Jangan engkau paksa suamimu menurutimu...
Jangan engkau paksa suamimu melanggar Allah...
Siapkanlah dirimu untuk menjadi Hajar, yang setia terhadap tugas suami.....
Siapkanlah dirimu untuk menjadi Maryam, yang bisa menjaga kehormatannya....
Siapkanlah dirimu untuk menjadi Khadijah, yang bisa yang bisa mendampingi suami menjalankan misi.
Wahai Fulanah,
Jangan kau usik suamimu dengan rengekanmu...

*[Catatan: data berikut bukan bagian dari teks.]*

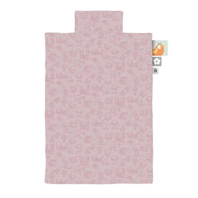 Økologisk Baby sengetøj fra Sebra Interiør i temaet Forest i farven blossom pink. Motiverne på sengetøjet forestiller skovens mange søde dyr af rådyr, pindsvin, snegl og ræv. Derudover er der på dynebetrækket påsyet nulreflapper, som barnet kan finde tryghed i. Nulreflapperne er med motiver af ræv og pindsvin, agern og svamp samt den sidste med Sebra logo.
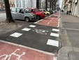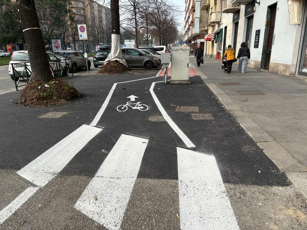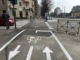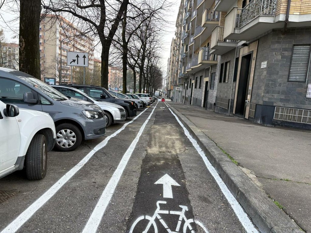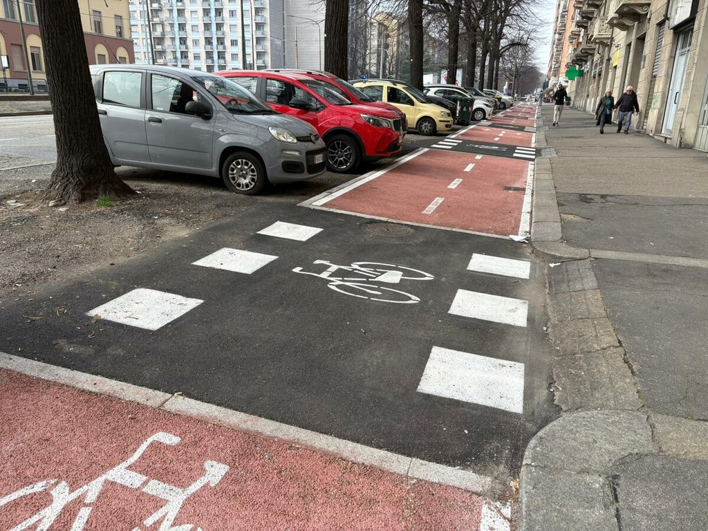 Dopo l’intersezione con via Nizza, però, la pista cambia configurazione e diventa monodirezionale. La scelta è stata dettata principalmente dalla presenza di un marciapiede più stretto, che non avrebbe consentito di mantenere il doppio senso di marcia in sicurezza.
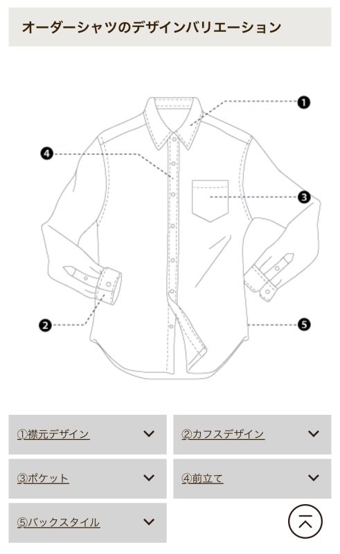 オーダーシャツは下の①〜⑤をカスタマイズできます。
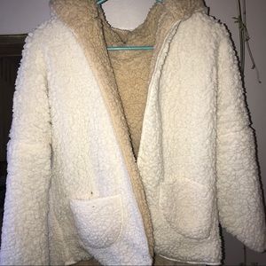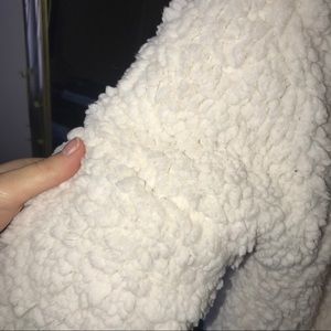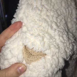 This Sherpa is super soft and cozy! It is reversible! There is a hole that is on the seam of one of the arms (pictured). But it is not noticeable unless it’s being pulled apart (pictured). When not being pulled you can not see it (pictured). There is no take but it fits like an XS/S
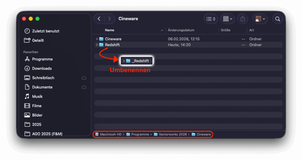 - Vectorworks-Installationsordner. Standardmäßig wäre das:
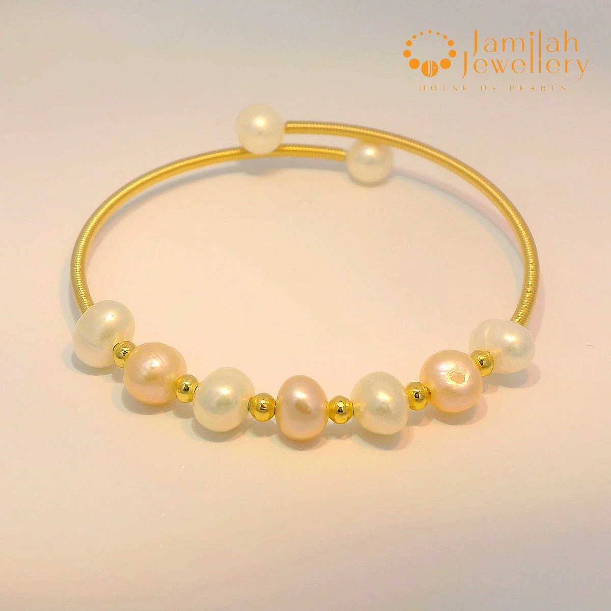 Designed for those who love simplicity with style, this white and peach pearl bangle combines the gentle glow of pearls with a sleek gold copper wire finish. Its minimalist aesthetic allows it to comp...  Read More
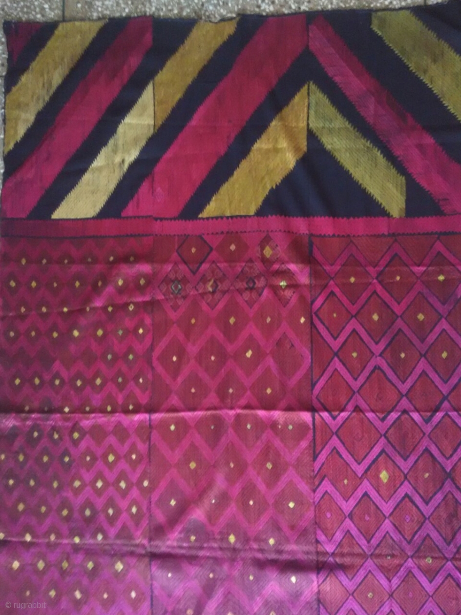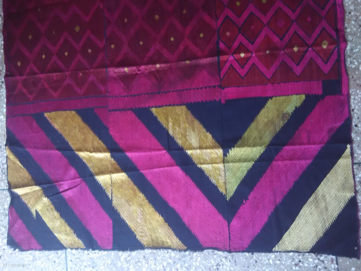 It's a rare black bagh(garden)from sindh Pakistan. It's in a very good condition and is atleast 90years old.generally these are red based bagh but very rarely we can find a black bagh.the picture does not justify with quality of the piece.the purple colour is also very rare and the suif embroidery is also very fine.its a collection piece for life time.
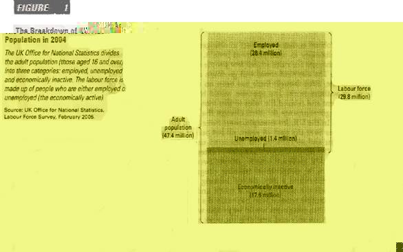 A person is considered employed if he or she spent some of the previous week working at a paid job.Ва A person is unemployed if he or she fits the ILO definition of an unemployed person. A person who fits neither of the first two categories, such as a full-time student, homemaker or retiree, is not in the labour force (or, to use ILO terminology, economically inactive). Figure 1 shows this breakdown for the UK in the autumn of 2004.
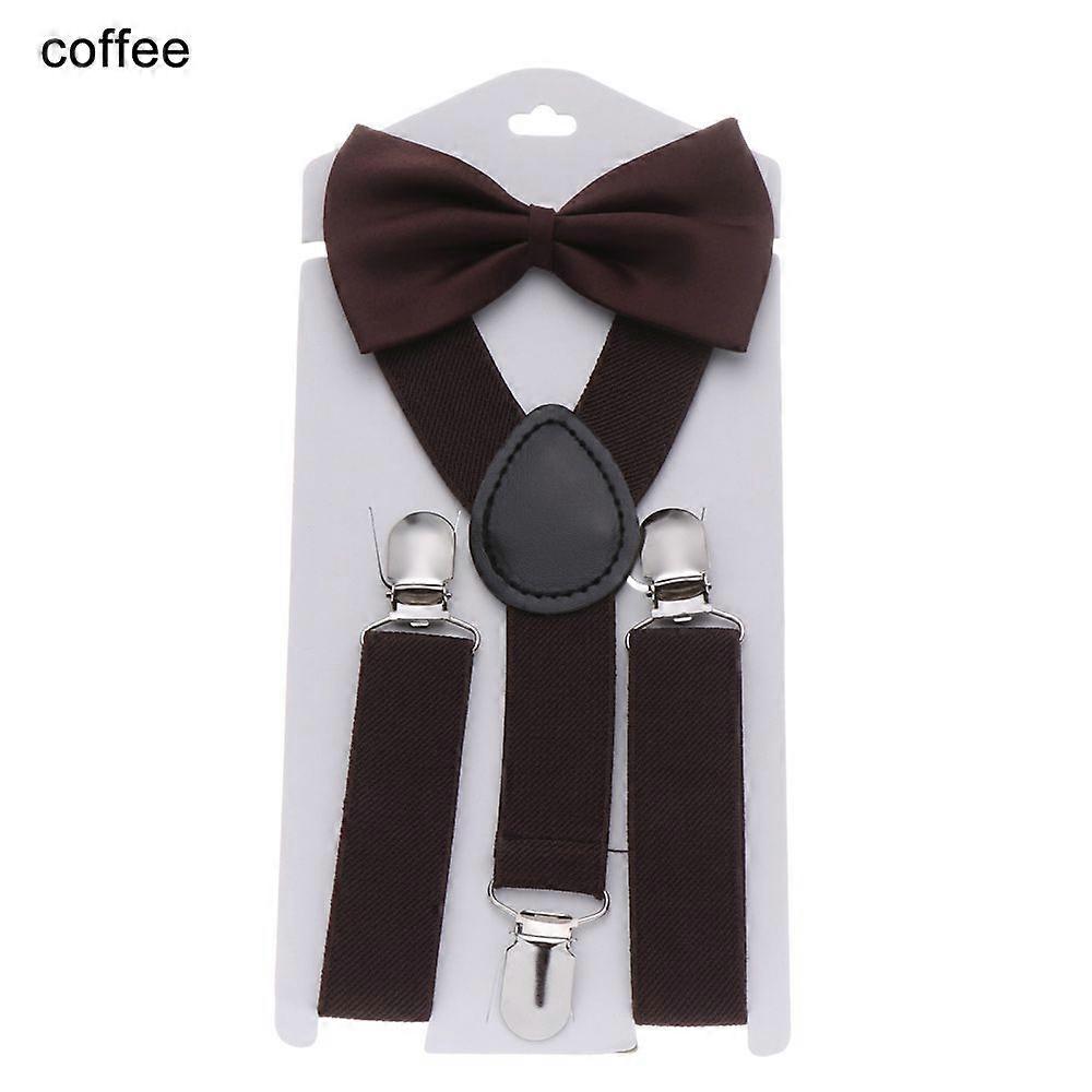 Kids Elastic Scompenders Bow Tie set Matching Tuxedo Suit Unisex Boy Girl Bowtie Wedding Costume Adjcomtable Y-Back Brace Belt

Jangan kau usik suamimu dengan tangismu...
Jika itu kau lakukan... Kecintaannya terhadapmu akan memaksanya menjadi pendurhaka...
jangan...
Wahai Fulan,
Jika engkau menjadi Bapak...
Jadilah bapak yang bijak seperti Lukmanul Hakim
Jadilah bapak yang tegas seperti Ibrahim
Jadilah bapak yang kasih seperti Muhammad saw
Ajaklah anak-anakmu mengenal Allah...
Ajaklah mereka taat kepada Allah...
Jadikan dia sebagai Yusuf yang berbakti...

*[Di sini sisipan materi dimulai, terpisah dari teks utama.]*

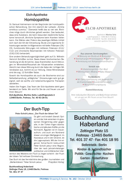 Dies ist die HTML-Version von Frohnau Nr. 162 Oktober 2014 Seite 15
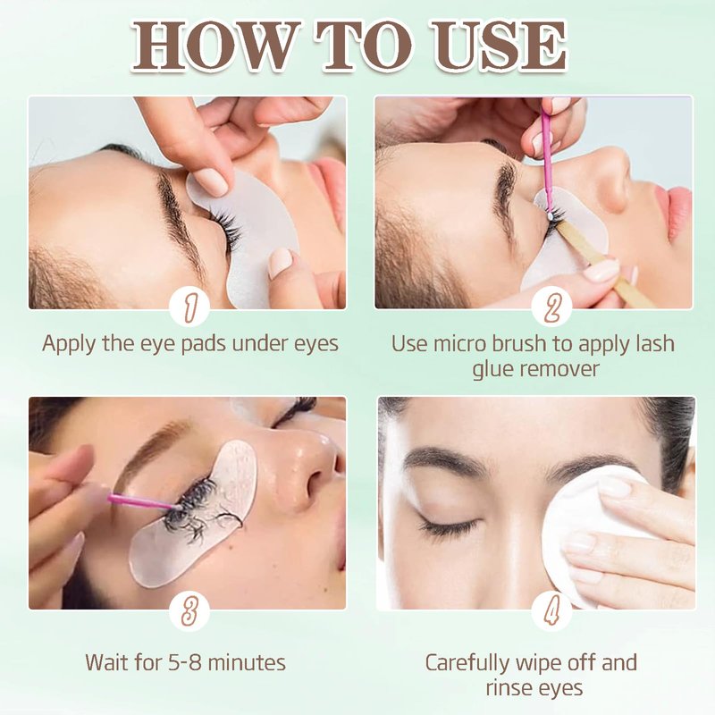 - 【How to Use】 First remove the patch from plastic liner and apply the eye pads under eyes, then use micro brush to apply some of lash glue remover to the lashes, wait 5-8 minutes and then carefully wipe off and rinse well to make sure there is no residue. If the adhesive is too thick to remove, please appropriately increase the remover’s amount and waiting time.
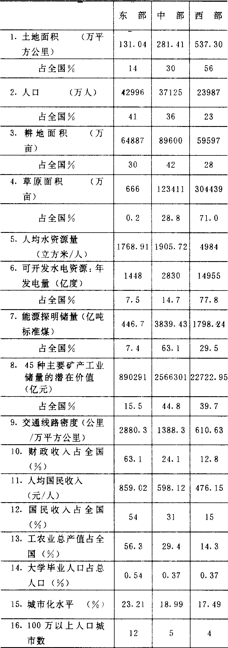 释义 | 中国的三大经济地带 中国的三大经济地带zhongguo de sanda jingji didai我国第七个五年计划将全国划分为东部、中部和西部三个经济地带。三大经济地带划分的原则是:地理位置特点;经济技术水平、发展条件和发展方向的相对一致性;保持省级行政区的完整性。东部地带包括北京、天津、上海、辽宁、河北、山东、江苏、浙江、福建、广东、广西、海南等12个省、市、自治区;中部地带包括黑龙江、吉林、内蒙古、山西、河南、安徽、江西、湖北、湖南等9个省、自治区;西部地带包括宁夏、陕西、甘肃、青海、新疆、四川、贵州、云南、西藏等9个省、自治区(注:台湾省暂不包括在三个地带中)。 三大经济地带主要社会经济指标对比 (1985年) 中部地带处于 “承东启西”的战略位置,资源十分丰富,矿产探明储量占全国重要地位的有煤、石油、铜、铝、铅、锌、钨、锑等多种矿产,水能和森林也很丰富;经过40年建设,很多工业部门,特别是原材料生产在全国占突出地位。本带应抓紧能源和原材料开发建设,发挥全国性的能源、原材料基地的作用;同时,应加快产业结构的调整,发展加工工业,提高产业关联度和加工能力,以增强经济效益、提高经济活力,努力改变产品初级化、产业结构低效的局面。 西部地带地域广阔,能源、矿产等后备资源丰富,发展潜力大; 其限制性因素是经济技术水平较低,生产力水平落后,交通不便,科技文化水平较低。当前,应充分利用东部地区面临能源、原材料短缺的矛盾和东部、中部产业结构调整的时机,立足丰富的资源,迅速开发资源组合好的地区,并发展有原料优势的加工工业,如耗能高的部门和有地区特色的轻纺工业。 ☚ 中国的经济区划 中国的经济开发区 ☛ |

Jadikan dia sebagai Ismail yang taat...
Tapi jangan engkau jadikan mereka sebagai Kan'an yang durhaka.
Mohonlah kepada Allah...
Mintalah kepada Allah, agar mereka menjadi anak yang shalih...
Anak yang bisa membawa kebahagiaan, dunia dan akhirat.
Wahai Fulanah,
Jika engkau menjadi ibu...
Jadilah engkau ibu yang bijak, ibu yang teduh...
Bimbinglah anak-anakmu dengan air susumu...
Jadikanlah mereka mujahid...
Jadikanlah mereka tentara-tentara Allah...
Jangan biarkan mereka bermanja-manja, hingga terikat jerat dunia...
WaLLAHu a'lam bishawab,
Wassalamu'alaikum warahmatuLLAHI wabarakatuh.